Des versions longues queues plus véloces mais mal récompensées en course

24 heures du Mans 1970. Malgré un timing très serré et deux crashs lors d’essais effectués à Wolsburg (Liés à des aquaplanings), la 917 L revue par SERA affole les chronomètres. Vic Elford bat le record du circuit du Mans et obtient la pole position en 3’19’’8.

Le samedi 13 juin 1970 à 16 heures, Ferry Porsche libère les 51 bolides dont 24 voitures sont…. des Porsche.
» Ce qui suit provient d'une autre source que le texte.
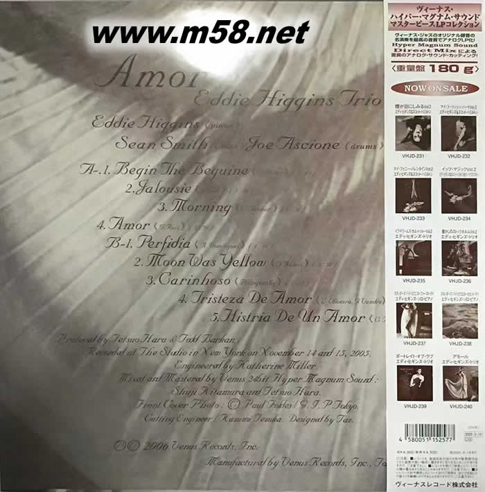 價格為估,以實到貨為準! Amor 愛慕 拉丁 爵士鋼琴三重奏(鋼琴、貝斯、鼓) 日本版 黑膠(m58.net) 日本著名發(fā)燒爵士品牌 Venus 所灌錄的專輯,一向以錄音優(yōu)異,名家輩出讓爵士資深樂友、發(fā)燒友所肯定。爵士界超人氣的艾迪·希金斯三重奏 (Eddie Higgins Trio) 一向以完美的合奏默契廣受樂迷歡迎。而著名的「Amor (愛慕) 」專輯里艾迪·希金斯三重奏悠揚的鳴奏輕輕的滿足每雙挑剔的耳朵。 本張專輯榮獲日本專業(yè)爵士樂雜志「 http://www.venusrecord.com/cmn/images/sj39.gif Swing Journal」金碟獎 果然,這張企劃明確的專輯甫推出就獲得了日本權(quán)威爵士樂雜志 Swing Journal 的金唱片推薦。值得一提的是本張專輯的解說由日本知名爵士樂評寺島靖國撰寫,可見得艾迪·希金斯在日本樂壇有著不可或缺的重要性。 若是一般爵士鋼琴大師演奏這些作品肯定會顯得太過濫情,但是艾迪希·金斯本來就是以熟稔各種音樂風格而著名,所以詮釋這些拉丁情歌對他來說真是輕而易舉。他的演奏在較高音階的部份總是帶著高貴華麗的光澤,在這樣燦爛光輝的琴音中流瀉出的款款深情,正像是使盡渾身解數(shù)的拉丁情人對待愛侶一般,極盡魅惑的氣氛讓人深深迷醉。除了各種經(jīng)典情歌外,艾迪·希金斯還貢獻了自己的創(chuàng)作“Copacabana Night”,也是一首極慢板的溫柔歌曲。總之,聆聽這張專輯的樂趣無窮。 艾迪·希金斯三重奏在「Amor (愛慕) 」專輯里以純熟的風格帶來絕美拉丁爵士情歌 情歌永遠是最能觸動人心的音樂,艾迪·希金斯三重奏這次以醉人的情歌作為專輯主軸,讓喜愛爵士優(yōu)美情歌旋律的樂迷們大飽耳福。艾迪·希金斯的選曲并不以大家熟悉的美國爵士歌曲為主,反而收錄了許多歐洲與拉丁美洲的情歌作品,讓整張專輯充滿了拉丁味道。 本張專輯與其他 Venus Records 唱片相同,在紐約的爵士錄音室 The Show 進行錄制,由艾迪·希金斯搭配貝斯手、鼓手錄制完成,并使用 Venus Records 獨家24位元 Hyper Magnum Sound 系統(tǒng)進行混音與母帶處理。豐富的細節(jié)、真實的動態(tài),就是標準的 Venus 之音!

Elford et Siffert se livrent une bataille immortalisée par Steve McQueen dans son film « LeMans ». La version longue queue (L) domine son sujet dans les Hunaudières alors que la version queue courte (K) refait son retard dans les portions sinueuses.

24 heures du Mans 1970 Porsche 917L

Les vitesses de pointe surréalistes annoncées ici ou là sont à revoir à la baisse. Des relevés de vitesses effectués par l’ACO en début d’épreuve annonce 331 km/h au Km 4, soit au 1er tiers de la ligne droite des Hunaudières. Un radar posé en fin de la ligne droite au moment où les vitesses sont maximales aurait été plus judicieux (Une analyse chronométrique à partir des images filmées depuis l’hélicoptère reste réalisable). En 1970, une vitesse de l’ordre de 350/360 semble beaucoup réaliste.

La pluie incessante de l'édition 1970 ne sera pas favorable aux records et va favoriser la version K qui est beaucoup plus agile dans les conditions d’adhérences précaires.
24 heures plus tard, Porsche (917K) remporte sa première victoire au classement général des 24 heures du Mans. C’est un triplé complété par sept voitures de la marque dans les 10 premières places.

Lors des essais préliminaires des 24 heures du Mans 1971, Jacky Oliver pulvérise le record du tour avec un temps de 3’13’’6 avec une 917L mature. En course, la lutte fratricide entre les ténors va empêcher la longue queue de s’illustrer au Mans. Marko et Van Lennep s’impose au volant d’une 917K.


Victoire de l’aileron monté en deux dérives

24 heures du Mans 1972. Les nouvelles règles interdissent les cylindrées supérieures à 3L. Matra est la première firme à imposer une voiture équipée d’un aileron fixe monté entre deux dérives. Le constructeur avait amené plusieurs types de carrosseries. La version longue de Cevert/Ganley termine seconde derrière la version courte de Pescarolo/Hill.



Les wing Cars

1977 L’effet de sol ou effet venturi marque une évolution majeure. Cette technique développée par Colin Chapman sur les Lotus 78 et Lotus 79 révolutionne la Formule 1. Dessinée avec de larges pontons latéraux qui prennent la forme d'une aile d'avion inversée (d'où le nom « wing car »), la Lotus 78 permet d'accélérer l'écoulement de l'air sous le châssis. Le gain est important dans les courbes. Les wing cars seront interdites par la FISA en 1982. Le Mans avec sa longue ligne droite ne verra pas de prototypes marquants dans ce domaine.



Le cap des 400 km/h

A la fin des années 80, Jaguar, Sauber et Porsche 962 vont flirter ou dépasser la mythique barre des 400 km/h.
24 heures du Mans 1988. La WM Peugeot pilotée par Roger Dorchy atteint 407 km/h dans la ligne droite des Hunaudières. Ce record à toutes les chances de ne jamais être battu puisque deux chicanes vont être installées dans cette section en 1990. La ligne droite est découpée en trois tronçons et aujourd’hui la vitesse maximale est le plus souvent atteinte juste avant Indianapolis.

 

La fin de la mythique ligne droite

1990. Afin de statisfaire à la règlementation internationale, deux chicanes sont ajoutées dans la ligne droite afin de briser la vitesse.

Le Mans a perdu sa spécificité et on peut considérer que les constructeurs ne fabriquent plus une carrosserie spécifique au circuit du Mans. Les vitesses maximales avoisinent les 340 km/h et l’équilibre aérodynamique reste toujours une préoccupation majeure. A cette vitesse, le droit à l’erreur est nul et plusieurs constructeurs ont vu leurs voitures s’envoler comme des avions (Matra en 1969, Porsche en 1985 ou Mercedes en 1999 etc…).